Every line from the start of the data through the line containing "5. Remove the" should be retyped exactly; the pictures should not.

## Data block
=== Begin Enclosure ===

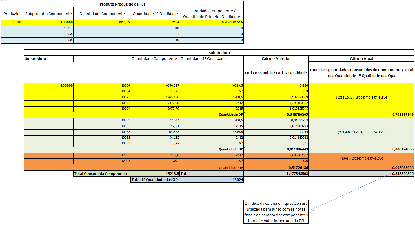 Os componentes localizados das baixas de OPs no período serão considerados até o nível de localizar todos os comprados, com isso, a localização das notas fiscais de compra no período, com mercadorias importadas, ocorrerá como o processo anterior, porém para cada componente comprado, e agrupando todas as informações pela média. Este valor deve ser somado conforme a sua ficha técnica para a construção de 1 unidade do produto produzido.
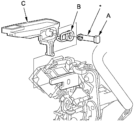 5. Remove the shift lock release pin (A), the spring (B), and the shift lock release (C).
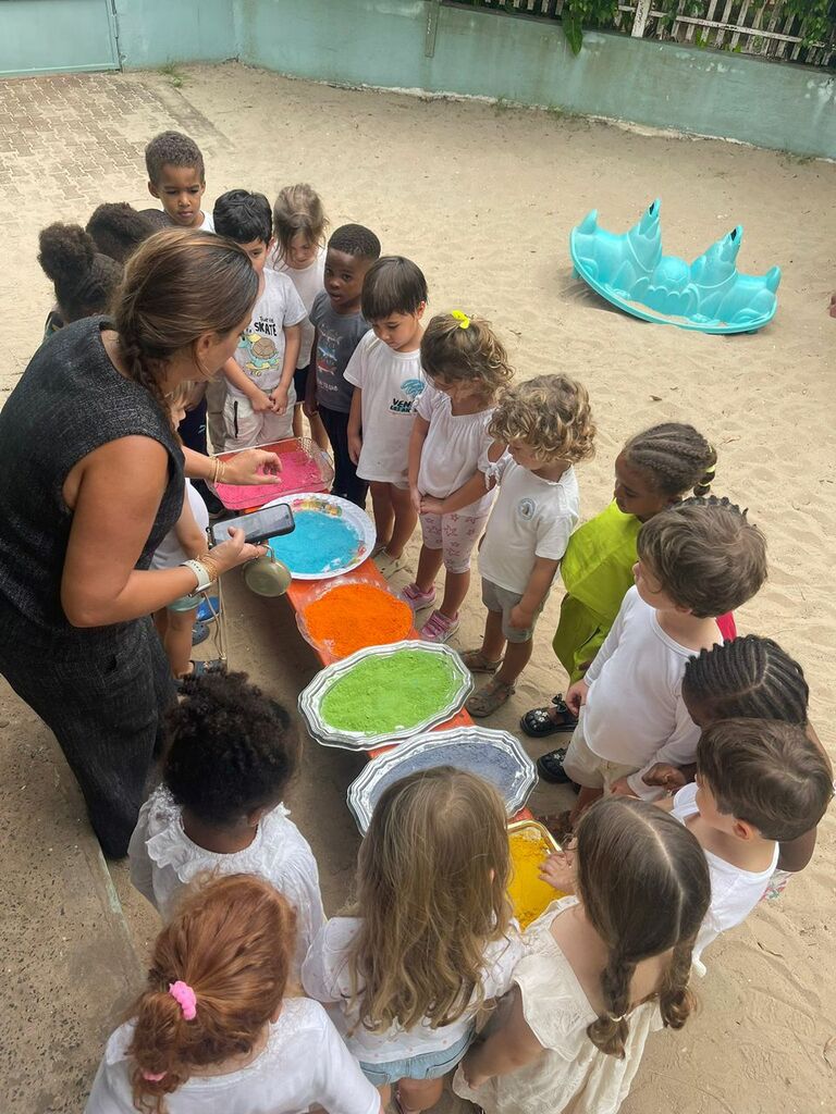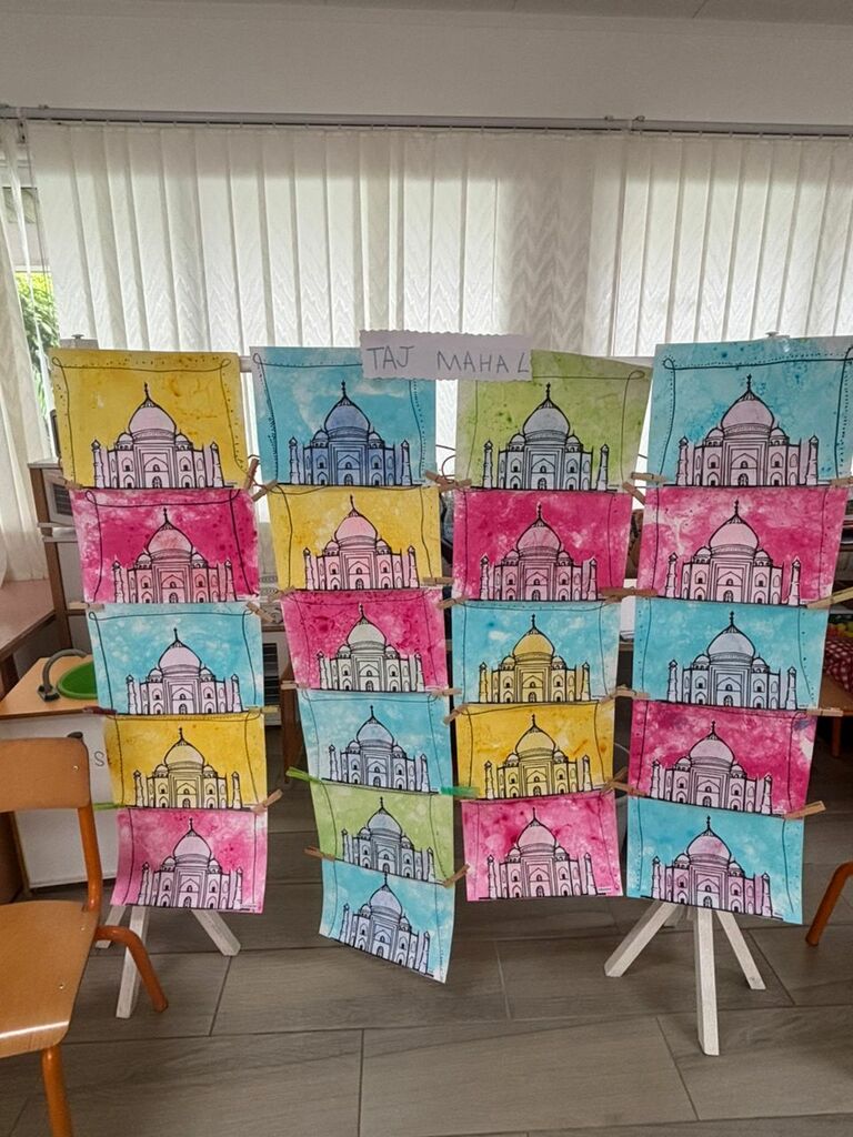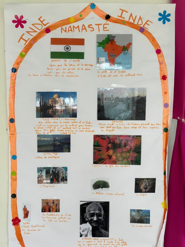 Les élèves de moyenne section nous ont offert une très belle exposition autour de l’Inde. À travers ce projet riche et coloré, ils ont découvert avec émerveillement ce magnifique pays en explorant Gandhi, le Taj Mahal, les paons, les éléphants ainsi que leur superbe danse traditionnelle. Les enfants ont participé avec beaucoup de joie, de curiosité et d’enthousiasme, montrant tout leur investissement et leur fierté de partager leurs réalisations. Nous avons célébré HOLI la fête des couleurs à l’école …
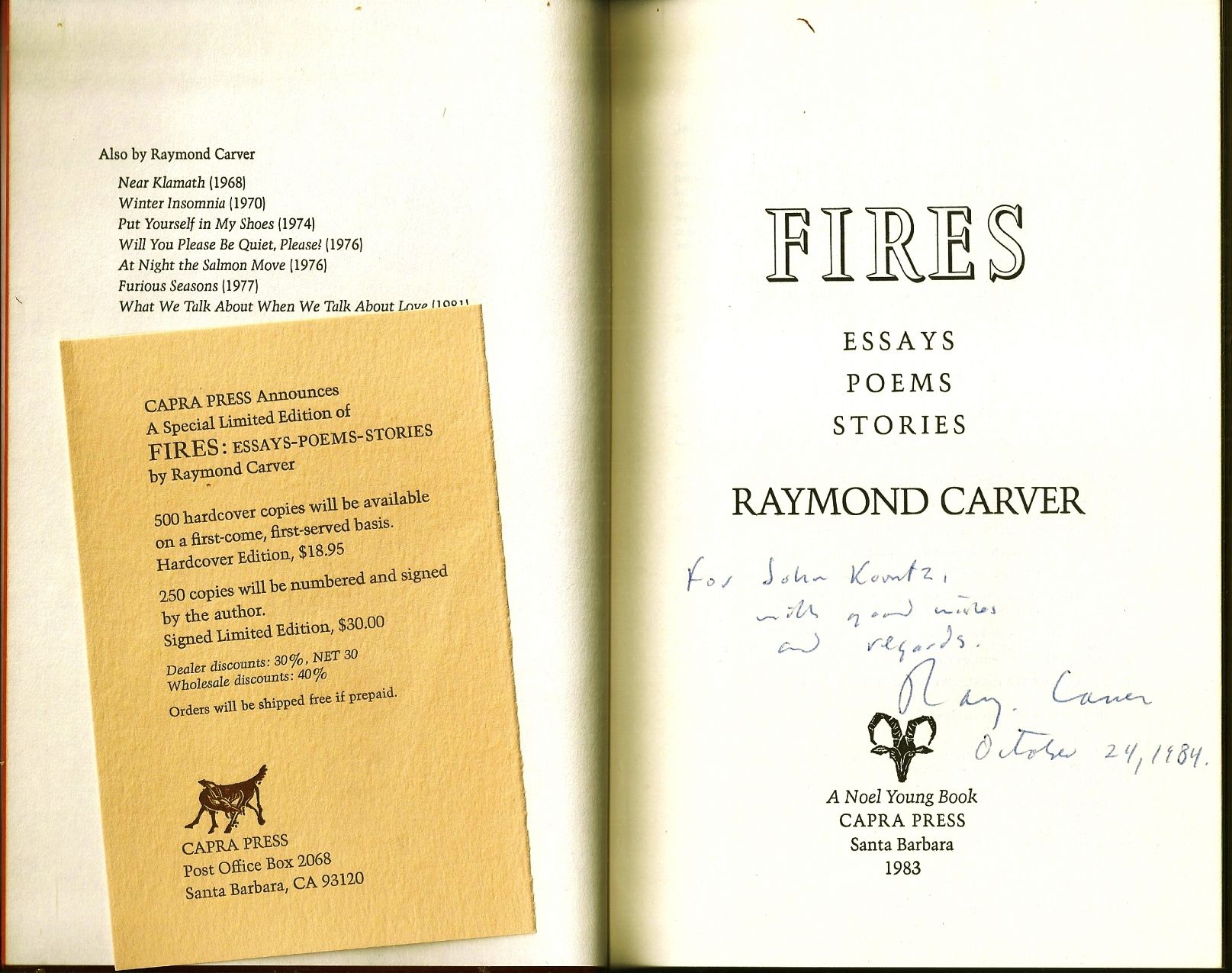 Santa Barbara: Capra Press, 1983. First Edition. Hardcover. Fine in original glassine. Copy #179 of 250 numbered copies in red boards SIGNED by Carver of this superb collection containing the title essay as well as his essay "On Writing," along with 50 poems and 7 stories, including "So Much Water So Close to Home," which figured prominently in Robert Altman's film SHORT CUTS. In addition this copy is INSCRIBED and SIGNED by the author on the title page: "For John Koontz/with good wishes/and regards/Ray Carver/October 24, 1984." Koontz was a co-publisher with Bert Babcock of small press publications by modern authors including Carver's MY FATHER'S LIFE. He also wrote a review of REMEMBERING RAY (1993) that was published in WESTERN AMERICAN LITERATURE, Vol. 29, No. 2 (Summer 1994), page 179. An uncommon book to find inscribed.

=== End Enclosure ===

## Result for this task
 Os componentes localizados das baixas de OPs no período serão considerados até o nível de localizar todos os comprados, com isso, a localização das notas fiscais de compra no período, com mercadorias importadas, ocorrerá como o processo anterior, porém para cada componente comprado, e agrupando todas as informações pela média. Este valor deve ser somado conforme a sua ficha técnica para a construção de 1 unidade do produto produzido.
 5. Remove the shift lock release pin (A), the spring (B), and the shift lock release (C).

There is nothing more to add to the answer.